La lenteur de la campagne de rappel vaccinal reste donc un sujet de préoccupation. "Nous avons de 15 à 20 millions de personnes fragiles à revacciner, et nous en sommes à seulement 30 000 par jour. Il faut espérer que la campagne combinée Covid-grippe permette d'accélérer le mouvement, car plus le temps passe depuis la dernière injection et plus le nombre de personnes insuffisamment protégées augmente", constate Mahmourd Zureik. "Entre la diminution de l'immunité dans la population, la saison hivernale et l'abandon des mesures barrières, toutes les pièces se mettent en place pour que l'hiver soit compliqué", complète T. Ryan Gregory.
Des nouvelles plutôt rassurantes sont toutefois venues d'Asie ces derniers jours. Là-bas, c'est le sous-variant XBB, un descendant de BA.2, qui inquiétait. Vraisemblablement doté lui aussi de très bonnes capacités d'échappement immunitaire, il a provoqué une nouvelle hausse des contaminations à Singapour.

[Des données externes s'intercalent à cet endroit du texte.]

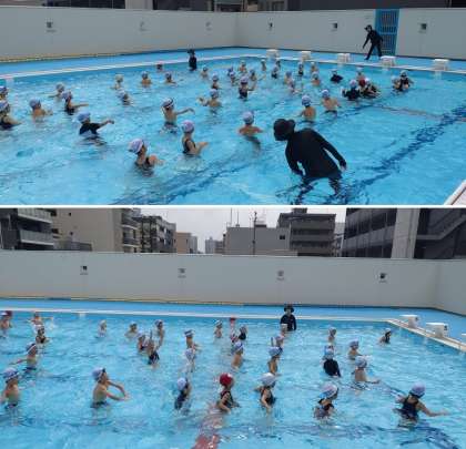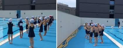 まず、プールサイドの並ぶ場所や、バディでの健康チェックの方法などを確かめました。
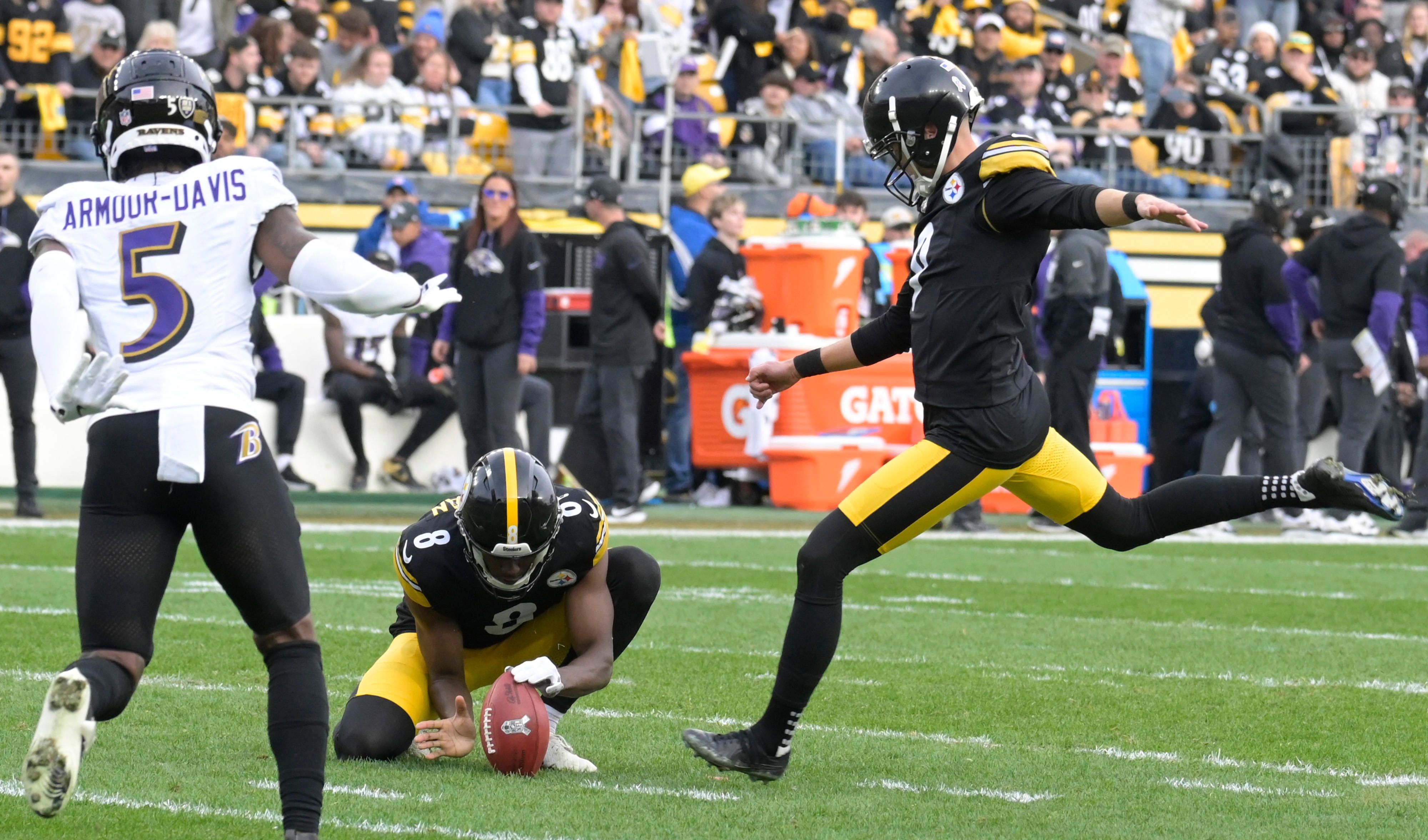 Beim 18:16-Sieg der Steelers gegen die Ravens war Steelers-Kicker Chris Boswell mit sechs Field Goals für alle Punkte seines Teams verantwortlich. Der 33-Jährige ist damit der erste Spieler in der NFL-Historie, der in drei Karrierespielen sechs Field Goals erzielt hat. Zudem ist er neben John Carney (1993) der einzige Kicker, der in einer Saison mehrere solcher Spiele absolviert hat.IMAGO/UPI Photo
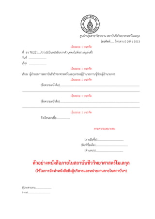 0 2441 1013 เว้นระยะ 1 บรรทัด ที่ อว 78.221..../(กรณีเป็นหนังสือจากตัวบุคคลไม่ต้องระบุเลขที่) วันที่ …………………….. เรื่อง .......................... เว้นระยะ 1 บรรทัด เรียน ผู้อานวยการสถาบันชีววิทยาศาสตร์โมเลกุล/รองผู้อานวยการ/ผู้ช่วยผู้อานวยการ เว้นระยะ 1 บรรทัด (ข้อความหนังสือ)....................................................................................................................... …………………………………………………………………………………………………………………………………………………………… เว้นระยะ 1 บรรทัด (ข้อความหนังสือ)....................................................................................................................... …………………………………………………………………………………………………………………………………………………………… เว้นระยะ 1 บรรทัด จึงเรียนมาเพื่อ.................... ตามความเหมาะสม (ลายมือชื่อ)....................................... (พิมพ์ชื่อเต็ม)................................................ (ตาแหน่ง)......................................... ตัวอย่างหนังสือภายในสถาบันชีววิทยาศาสตร์โมเลกุล (ใช้ในการจัดทาหนังสือถึงผู้บริหารและหน่วยงานภายในสถาบันฯ) ผู้ประสานงาน........................... E-mail......................................

Mais celle-ci vient finalement d'atteindre son pic - plus rapidement que ne l'anticipaient les observateurs. "Beaucoup s'attendaient à une vague supérieure à celle causée par BA.5, mais une application forte des mesures non pharmaceutiques (des gestes barrières, NDLR) et un bon niveau de rappel vaccinal ont certainement contribué à en limiter l'ampleur", s'est réjoui sur Twitter Eric Topol, un scientifique américain très écouté.
Néanmoins, l'émergence de très nombreux sous-variants quasiment au même moment à différents endroits de la planète pourrait encore nous réserver à l'avenir quelques surprises. "Pour l'instant, ils circulent plutôt dans des zones géographiques assez différentes, mais ils pourraient très bien se diffuser plus largement", constate T. Ryan Gregory. Quelles en seraient les conséquences ? "Si nous avons de la co-circulation, c'est-à-dire la circulation de plusieurs variants au même endroit, il sera encore plus difficile d'anticiper les évolutions de l'épidémie, car le danger pourra venir de multiples sources génétiques", imagine Mircea Sofonea. Une chose est sûre, nous sommes encore loin d'une phase où nous vivrions avec un virus devenu endémique, comme le prédisaient certains voilà encore quelques mois. Une des principales caractéristiques de l'endémicité d'un virus est en effet son caractère prévisible. Tout le contraire de la situation actuelle.